Return all of the data below verbatim and exclude every picture.

Information supplied:
►

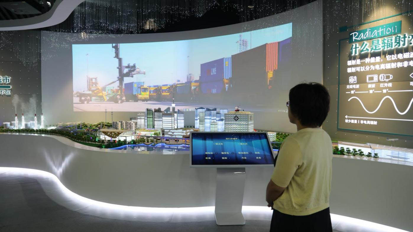 我们的城市综合板块,为了让公众在轻松愉快的情绪中了解辐射,该板块通过 3D 物理沙盘来再现我们的城市,模拟公众的日常生活场景,把可能会给我们带来辐射的环境或设施,如:核电站、输变电设施、医院、通讯网络设施等,合理巧妙地植入到沙盘制作中。
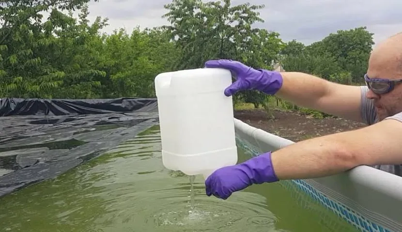После этого воду нужно немного перемешать с использованием палки или щетки, чтобы дезинфицирующее средство быстрее распределилось по всему объему бассейна.
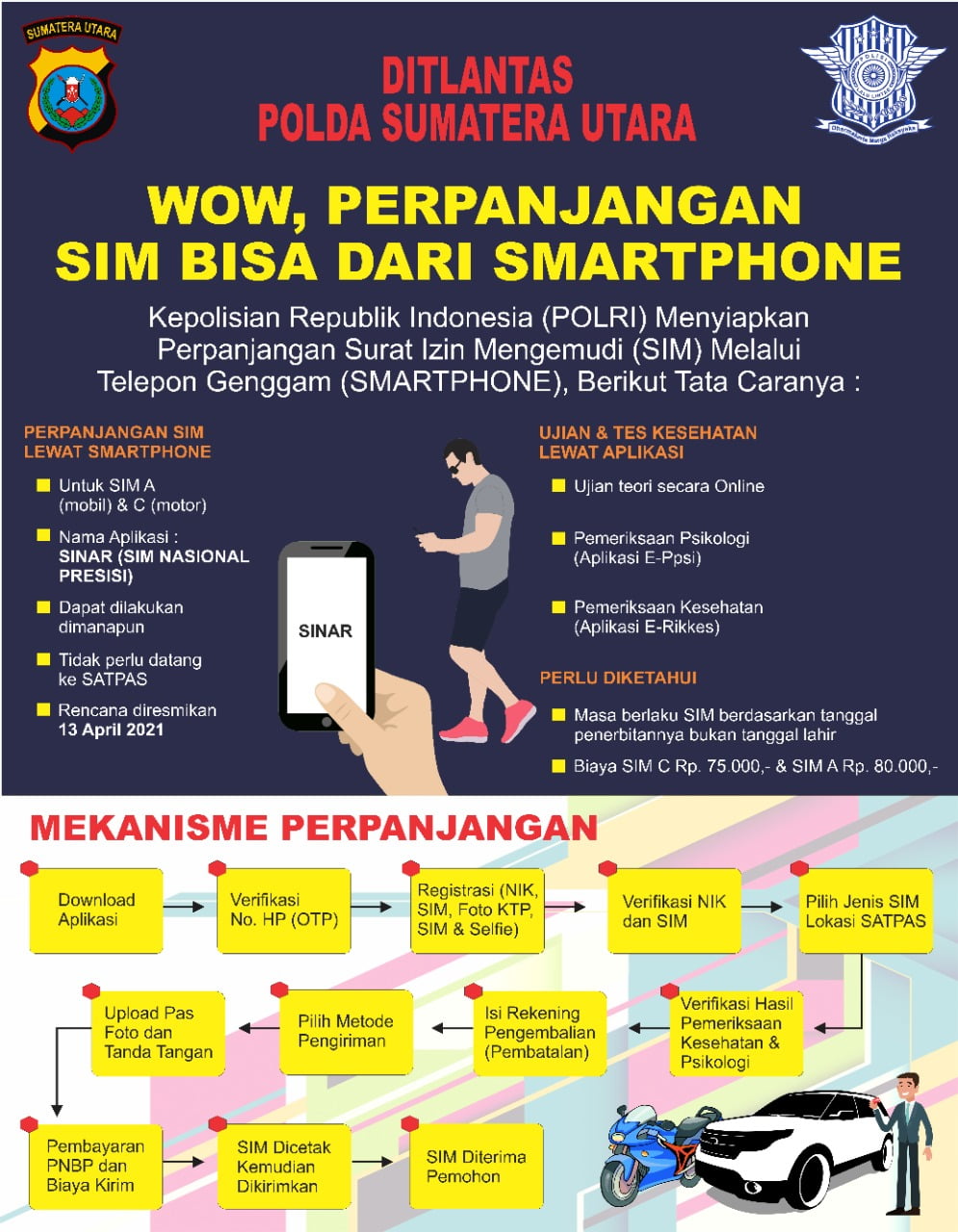 Layanan pembuatan SIM C dan A melalui smartphone itu, kata Valentino, masyarakat hanya perlu mengunduh aplikasi Sinar (SIM Nasional Presisi) dan bisa digunakan mulai 12 April 2021.
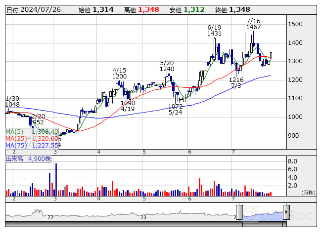 ランドネット <日足> 「株探」多機能チャートより/>

◄

Response to this task:
 我们的城市综合板块,为了让公众在轻松愉快的情绪中了解辐射,该板块通过 3D 物理沙盘来再现我们的城市,模拟公众的日常生活场景,把可能会给我们带来辐射的环境或设施,如:核电站、输变电设施、医院、通讯网络设施等,合理巧妙地植入到沙盘制作中。
После этого воду нужно немного перемешать с использованием палки или щетки, чтобы дезинфицирующее средство быстрее распределилось по всему объему бассейна.
 Layanan pembuatan SIM C dan A melalui smartphone itu, kata Valentino, masyarakat hanya perlu mengunduh aplikasi Sinar (SIM Nasional Presisi) dan bisa digunakan mulai 12 April 2021.
 ランドネット <日足> 「株探」多機能チャートより/>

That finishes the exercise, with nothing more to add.